The wind, ahhh the wind. I was just thinking the other day I really haven't gotten to train in some proper Kona wind conditions on the bike yet.. Be careful what you wish for. We had WIND for much of the hundred miles of beauty and wonder as we fought side winds, headwinds, 20-25 MPH with gusts, which my old Zipp wheels didn't seem to like very much. I had to hold on for dear life when the side wind almost blew me over a few times..Ahhhhh, Kona wind is my friend! I figured all I had to do was contend with heat and humidity as I think I got this wind thing covered. H and I pulled each other the last 20 miles, taking turns except on the hills, where I was barely moving. My legs were still screaming a bit from Saturday's run at this point.
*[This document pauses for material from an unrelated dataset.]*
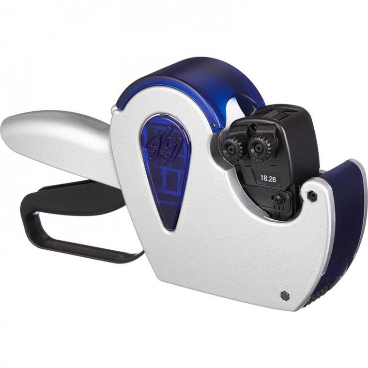 «Этикет-пистолет Sky С18 производит печать на прямоугольных этикетках размером 26×16 мм. Печатает в две строки, по 9 символов в каждой. Используются цифры, знаки препинания и знаки различных валют. Размер шрифта в верхней строке составляет 2 на 3 мм, а в нижней строке: 2 на 5 мм. Материал этикет-пистолета — пластик. Вес — 0,5 кг.
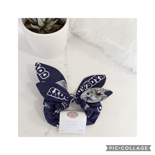 Football Fan TEAM BOW HAIR SCRUNCHIES

My stomach started to hurt. We finally had an anticlimactic crossing of the finish line. I didn't even stop-go to the timing tent but instead headed straight for the bathroom and Restaurant. H and I were starving! We got way too much food from the almost closing brunch buffet, thought we could eat it all after burning 4,000 calories (according to my Garmin), but of course we had many leftovers. Food never tasted so good! I had stuck to my nutrition plan of gels and Shotz electrolyte drink, with little food so I was making up for it!

For anyone who is interested in the course. It is really amazing!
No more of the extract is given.